== PROBLEM STATEMENT ==
Each line from the opening of the records that follow to the line with "Дружная команда пресс-службы" needs to be written out exactly. Add nothing.

== PROVIDED RECORDS ==
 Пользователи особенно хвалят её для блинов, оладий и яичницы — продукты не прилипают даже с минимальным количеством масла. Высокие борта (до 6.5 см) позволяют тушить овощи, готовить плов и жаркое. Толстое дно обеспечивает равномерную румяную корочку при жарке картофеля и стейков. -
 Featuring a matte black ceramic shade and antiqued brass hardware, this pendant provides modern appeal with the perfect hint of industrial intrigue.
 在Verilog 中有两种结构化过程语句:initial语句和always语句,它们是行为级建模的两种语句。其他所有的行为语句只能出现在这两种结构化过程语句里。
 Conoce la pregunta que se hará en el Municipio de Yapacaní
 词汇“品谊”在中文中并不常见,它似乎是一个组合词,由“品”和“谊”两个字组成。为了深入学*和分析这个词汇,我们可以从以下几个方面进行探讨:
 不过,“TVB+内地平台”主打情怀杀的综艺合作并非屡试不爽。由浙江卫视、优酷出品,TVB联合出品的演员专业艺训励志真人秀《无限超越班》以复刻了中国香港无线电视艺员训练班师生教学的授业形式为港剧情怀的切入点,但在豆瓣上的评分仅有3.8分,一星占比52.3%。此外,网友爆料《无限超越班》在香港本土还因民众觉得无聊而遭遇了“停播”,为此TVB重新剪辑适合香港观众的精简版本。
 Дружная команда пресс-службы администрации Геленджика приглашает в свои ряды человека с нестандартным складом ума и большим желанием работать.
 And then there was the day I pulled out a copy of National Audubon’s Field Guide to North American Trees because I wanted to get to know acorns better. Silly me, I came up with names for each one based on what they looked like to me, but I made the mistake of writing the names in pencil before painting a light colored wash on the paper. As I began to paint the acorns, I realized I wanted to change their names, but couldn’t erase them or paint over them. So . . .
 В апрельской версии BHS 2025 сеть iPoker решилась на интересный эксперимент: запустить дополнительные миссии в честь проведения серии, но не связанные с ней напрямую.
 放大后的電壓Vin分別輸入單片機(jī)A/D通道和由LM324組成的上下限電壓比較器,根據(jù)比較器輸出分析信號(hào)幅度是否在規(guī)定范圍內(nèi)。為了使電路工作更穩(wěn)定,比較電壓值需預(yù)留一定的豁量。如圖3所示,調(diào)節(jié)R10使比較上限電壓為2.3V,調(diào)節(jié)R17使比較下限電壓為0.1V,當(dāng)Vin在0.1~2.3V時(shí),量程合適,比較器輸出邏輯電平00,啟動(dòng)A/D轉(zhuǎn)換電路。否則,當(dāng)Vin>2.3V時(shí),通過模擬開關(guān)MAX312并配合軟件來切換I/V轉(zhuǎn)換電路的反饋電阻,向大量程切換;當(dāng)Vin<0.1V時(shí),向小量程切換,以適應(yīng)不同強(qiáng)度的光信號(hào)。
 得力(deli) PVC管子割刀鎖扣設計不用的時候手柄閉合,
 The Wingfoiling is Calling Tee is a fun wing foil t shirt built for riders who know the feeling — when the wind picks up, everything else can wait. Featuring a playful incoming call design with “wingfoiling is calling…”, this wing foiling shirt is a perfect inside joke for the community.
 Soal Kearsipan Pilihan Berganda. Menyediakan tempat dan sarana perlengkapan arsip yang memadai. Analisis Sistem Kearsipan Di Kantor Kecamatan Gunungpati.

== WRITTEN ANSWER ==
 Пользователи особенно хвалят её для блинов, оладий и яичницы — продукты не прилипают даже с минимальным количеством масла. Высокие борта (до 6.5 см) позволяют тушить овощи, готовить плов и жаркое. Толстое дно обеспечивает равномерную румяную корочку при жарке картофеля и стейков. -
 Featuring a matte black ceramic shade and antiqued brass hardware, this pendant provides modern appeal with the perfect hint of industrial intrigue.
 在Verilog 中有两种结构化过程语句:initial语句和always语句,它们是行为级建模的两种语句。其他所有的行为语句只能出现在这两种结构化过程语句里。
 Conoce la pregunta que se hará en el Municipio de Yapacaní
 词汇“品谊”在中文中并不常见,它似乎是一个组合词,由“品”和“谊”两个字组成。为了深入学*和分析这个词汇,我们可以从以下几个方面进行探讨:
 不过,“TVB+内地平台”主打情怀杀的综艺合作并非屡试不爽。由浙江卫视、优酷出品,TVB联合出品的演员专业艺训励志真人秀《无限超越班》以复刻了中国香港无线电视艺员训练班师生教学的授业形式为港剧情怀的切入点,但在豆瓣上的评分仅有3.8分,一星占比52.3%。此外,网友爆料《无限超越班》在香港本土还因民众觉得无聊而遭遇了“停播”,为此TVB重新剪辑适合香港观众的精简版本。
 Дружная команда пресс-службы администрации Геленджика приглашает в свои ряды человека с нестандартным складом ума и большим желанием работать.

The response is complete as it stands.